Prove that $\sqrt{xyzw} \leq \frac{x+y+z+w}{4}$ for any $x, y, z, w \geq 0$

Prove that

$\sqrt{xyzw} \leq \frac{x+y+z+w}{4}$

For any $x, y, z, \geq 0$

And prove the AM-GM inequality for three numbers, $\sqrt{xyz} \leq \frac{x+y+z}{3}$ where $x, y, z \geq 0$, by using the previous proof with $w= (xyz)^{1/3}$

• Are you familiar with the AM-GM inequality? – user170231 Sep 18 '18 at 14:50
• Yes, I am, however when I try $\sqrt{\sqrt{xy}\sqrt{zw}} \leq \frac{\sqrt{xy}+\sqrt{zw}}{2}$ I'm unsure if I'm correct in proceeding as such, and if so, I'm unsure how to proceed from this point onward. – Kyle Xiao Sep 18 '18 at 14:56
• @KyleXiao, what information do you assume? For example, the AM - GM inequality for two numbers, etc. – AnotherJohnDoe Sep 18 '18 at 15:02
• What you write in your comment is correct.
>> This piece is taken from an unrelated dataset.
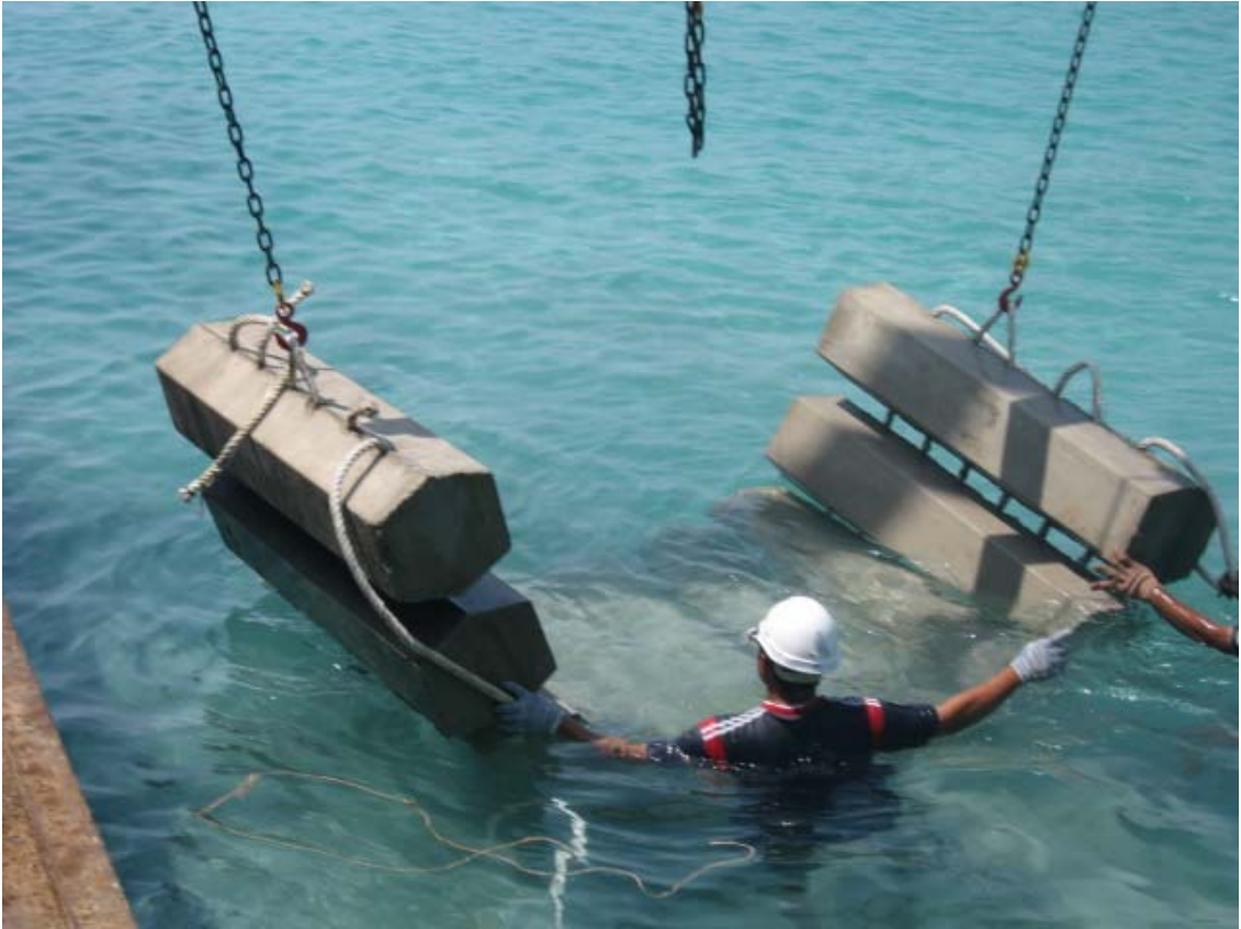
FIGURE 4.6 : CONCRETE MATTRESS

To proceed onward, what can you say about $\sqrt{xy}$? – Arnaud D. Sep 18 '18 at 15:02
• Well $\sqrt{xy} \leq \frac{x+y}{2}$ but would I be right in using $\sqrt{xy} = \frac{x+y}{2}$ to substitute – Kyle Xiao Sep 18 '18 at 15:03

You are on the good track, indeed let consider by $AM-GM$

$$u=\frac{x+y}{2}\ge \sqrt{xy} \quad v=\frac{z+w}{2}\ge \sqrt{zw}$$

then

$$\frac{u+v}{2}= \frac{x+y+z+w}{4}\ge \sqrt{uv}\ge \sqrt{\sqrt{xy}\sqrt{zw}}=\sqrt{xyzw}$$

Hint: The AM-GM inequality can be proven for $n$ variables in the following way:

1. Show it for $2$ variables
2. Prove by induction that if you know it for $2^n$ variables, you can show it for $2^{n+1}$ variables by first applying it on $x_1,\cdots,x_{2^n}$, then on $x_{2^n+1},\cdots,x_{2^{n+1}}$ - then use the $2$-variable version on the results of those two applications
3. Prove that if you know it for $N+1$ you know it for $N$ by applying it on $x_1,\cdots,x_N,\frac{x_1+x_2+\cdots+x_N}{N}$.

Many of these steps will require some algebraic manipulation.